METHODS. Health records of all 16-year-old subjects examined in the Israel Defense Forces Recruitment Center between 1998 and 2003 were analyzed. The number of subjects with best corrected visual acuity (BCVA) of 6/12 or less in at least one eye among native Israelis and among those who immigrated to Israel from the U.S.S.R. after they were 10 years of age was determined. Subjects who had any ocular disease except cataract, corneal opacity, strabismus, or ptosis were excluded.

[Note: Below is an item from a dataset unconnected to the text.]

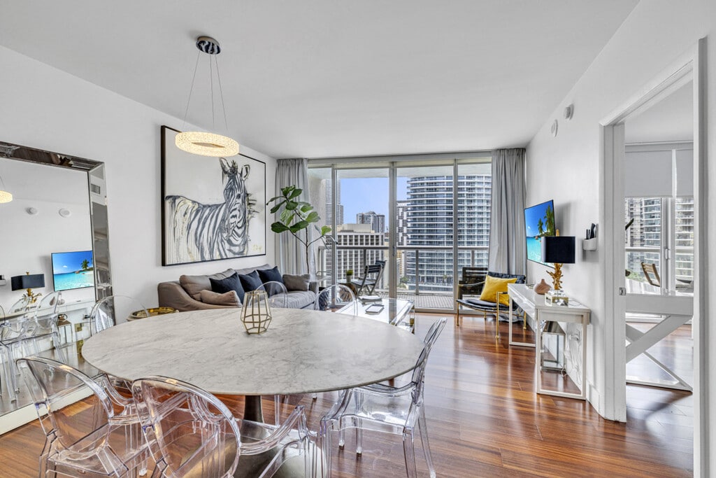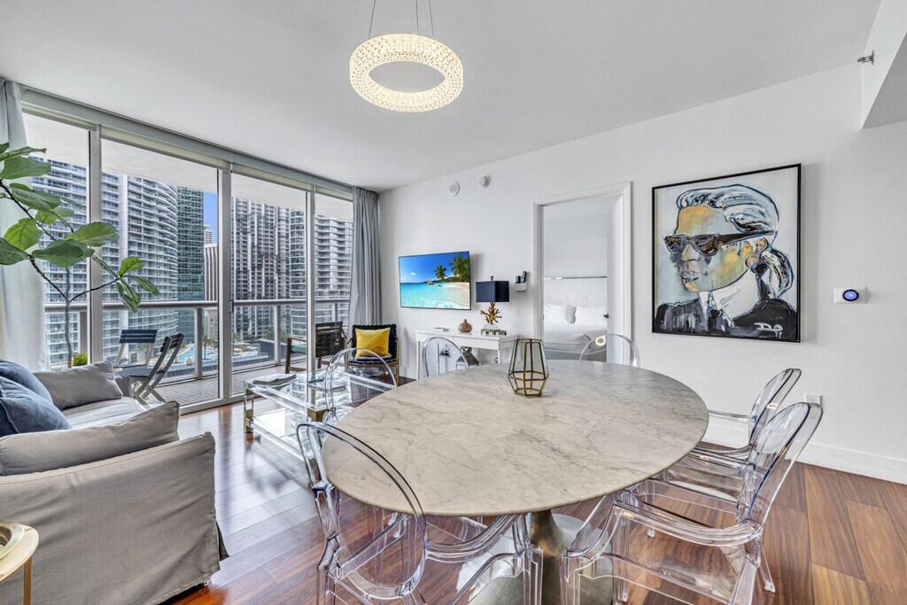 The advertised rate of $6,261/month is the lowest available price, based on a 30 day(s) stay with a move-in date of August 6, 2026. Rates vary depending on the duration of stay, season, and other parameters. For exact pricing and additional pricing components, please visit our website and enter your desired move-in and move-out dates. The rate is applicable when billed upfront; it can be higher if billed in multiple payments. Feel at home in this 790 sq ft apartment in downtown Miami, Brickell, facing the iconic Brickell Key. Located on the 24th floor of a beautiful building, this apartment offers breathtaking ocean and city views. This spacious apartment is completely refurbished with ceramic marble Italian flooring, including the balcony. The master bedroom includes a king-size bed and walk-in/built-in closet/drawers and 1 bathroom with a bathtub. The living room includes a sofa bed. The apartment is equipped with full kitchen utilities, dishes, glasses, pots and pans, cutlery, a dishwasher, dish soap, a coffee machine, tea, a toaster, a blender, a hair dryer, an iron with an ironing board, and a vacuum. Also provided are pool/beach towels, towels, shampoo, body wash, conditioner, hand soap, and tissues. An air mattress, baby crib, and cot can be provided upon request prior to arrival. Access to the building's 5-star amenities includes the largest residential pool in Florida, a free business center, a spa, jacuzzis, and a gym with yoga classes. W Residences is centrally located in the Miami business district overlooking Miami Bay, close to Wynwood, Midtown, South Beach, and the Miami Art Design District. The neighborhood is occupied by fine-dining restaurants, nightlife venues, local coffee shops, and organic grocery stores. Management asks that guests collaborate in maintaining a clean and healthy environment by using the trash chute located on every floor for everyday household trash and ensuring that trash bags are properly sealed to avoid any leakage on the hallway carpet. When entering and exiting the common areas of the property, all guests are required to adhere to proper dress code such as shirt, pants, and shoes. Please do not throw or drop off anything from the balconies. No gas or charcoal grills, or any devices with open flames are allowed on the balcony or in the unit at any time. [SI]

RESULTS. Of 305,712 subjects examined between 1998 and 2003, 292,255 were enrolled in the study. Of those, 260,186 (89%) were born in Israel and 32,069 (11%) were born in the U.S.S.R. and immigrated to Israel after they were 10 years of age. There were 2565 (0.98%) native Israelis and 483 (1.5%) immigrants who had BCVA of 6/12 or less in at least one eye (
2 test, P < 0.00001). The rate of amblyopia among subjects who had refractive errors was 14.6% among immigrants, as opposed to 8.0% among native Israelis (P < 0.0001), whereas amblyopia rates among those with strabismus, cataract, or ptosis were similar in native Israelis and immigrants (34.4%, 38.6%, 12.8% as opposed to 34%, 37.5%, 15.4%, respectively, P = 0.50.61).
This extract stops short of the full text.